Welcome to *Techniques for Improving the Effectiveness of RAG Systems*.

In this workshop, you will learn techniques that can take your RAG system from an interesting proof-of-concept to a serious asset. 

We'll cover the design of hybrid retrievers, the use of multiple smaller fine-tuned expert models instead of a single large general-purpose model, and methods to evaluate RAG performance with each iterative design change, using both human-as-a-judge and LLM-as-a-judge evaluation frameworks. 

With the lessons learned in this workshop, you’ll be able to build applications that deliver on the expectations of what serious LLM-based RAG applications can do.

## Workshop Structure

In addition to this introduction, the workshop consists of four lesson notebooks, which you will be working through in order.

- **Lesson 1: Exploring and Preparing your Dataset for Retrieval.** We will prepare the data we will use in the rest of the app, using strategies for splitting data into chunks for easy retrieval and using an LLM on ingest to facilitate other use cases. We will use the Router, Chunker, and LLM.

- **Lesson 2: Loading the Vector/Document Database.** We will create indexes with which to search our data--particularly vector indexes that rely on representations of the text as vectors (embeddings). We will use the Router, Embedder, and Hybrid Search.

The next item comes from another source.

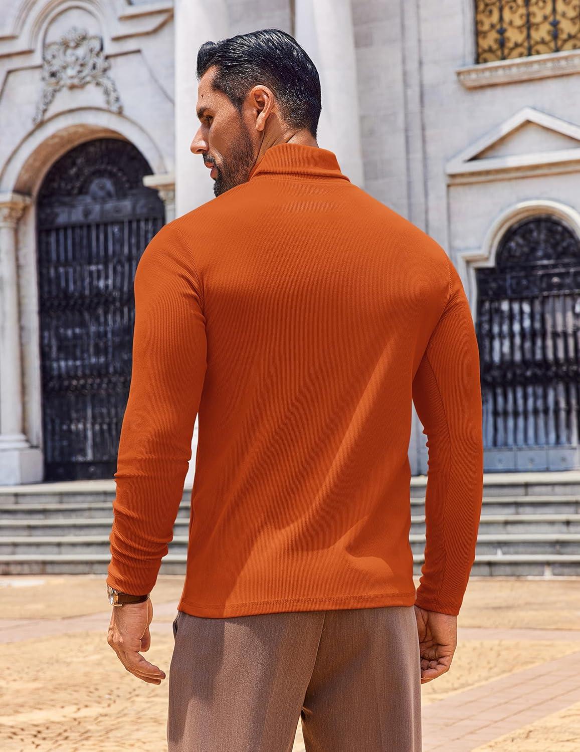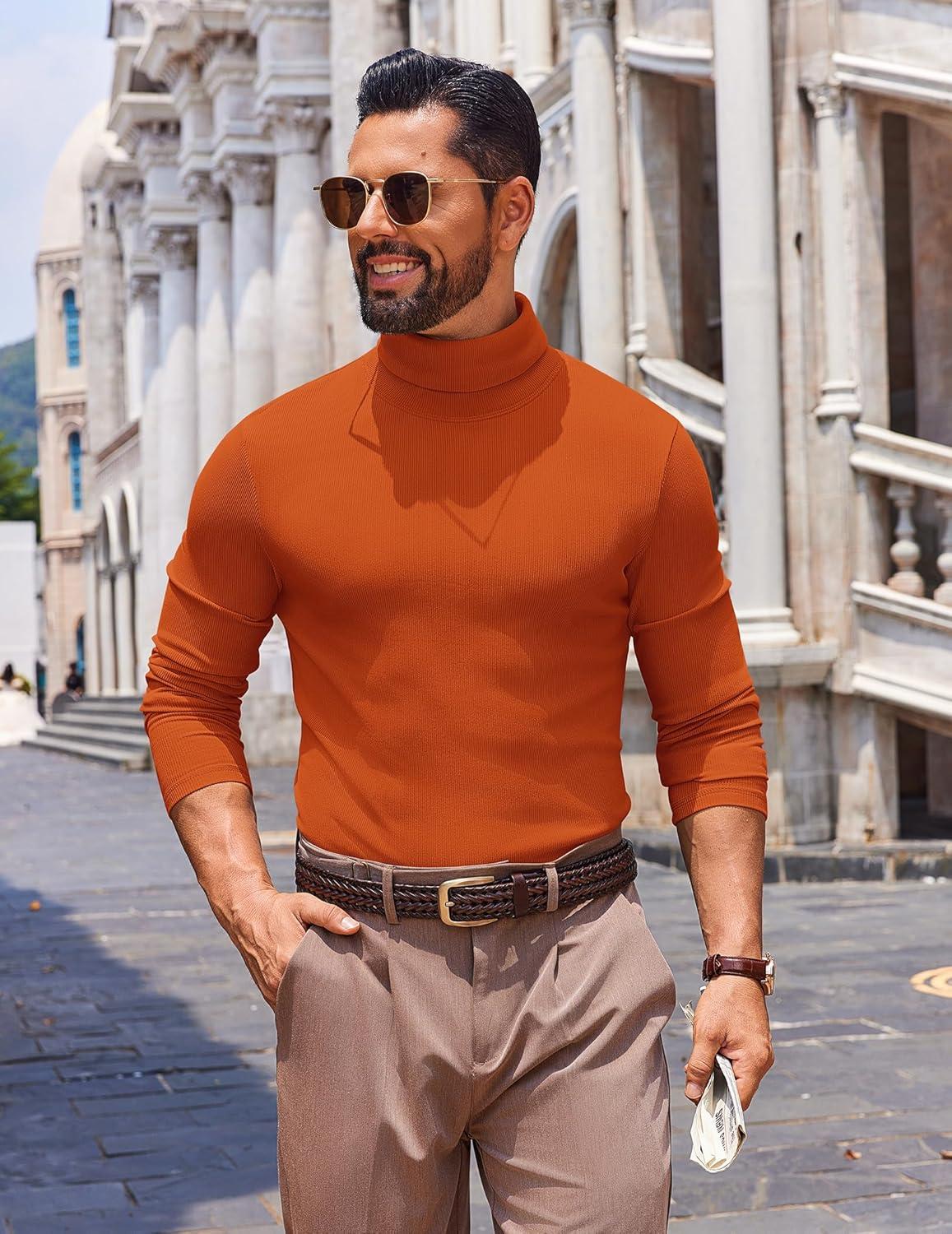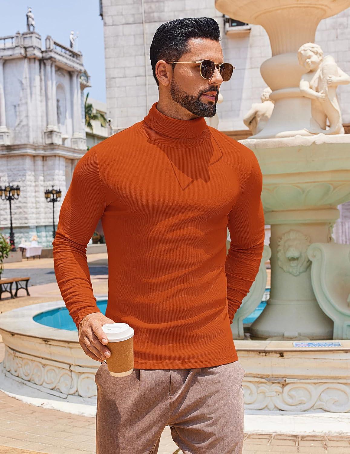 COOFANDY Men's Slim Fit Turtleneck Sweater Long Sleeve Ribbed Turtle Neck Casual Lightweight Basic Pullover Sweaters(Brown)

- **Lesson 3: Evaluating Retrieval.** We will implement an interface that allows us to collect data on the performance of our app--a notoriously difficult challenge with the wide scope of many language use cases. We will use the Router, Hybrid Search, LLM, Judge UI, and Human Eval Database.

- **Lesson 4: Better Generations.** We will combine the previous elements into the final web app, including an initial triage step to assess the user's intent and intelligently select the right settings for the search and LLM prompt. We will use the App, the Hybrid Search, and the LLM.



---

## RAG Application

You will be working with a RAG application developed largely for internal use at NVIDIA.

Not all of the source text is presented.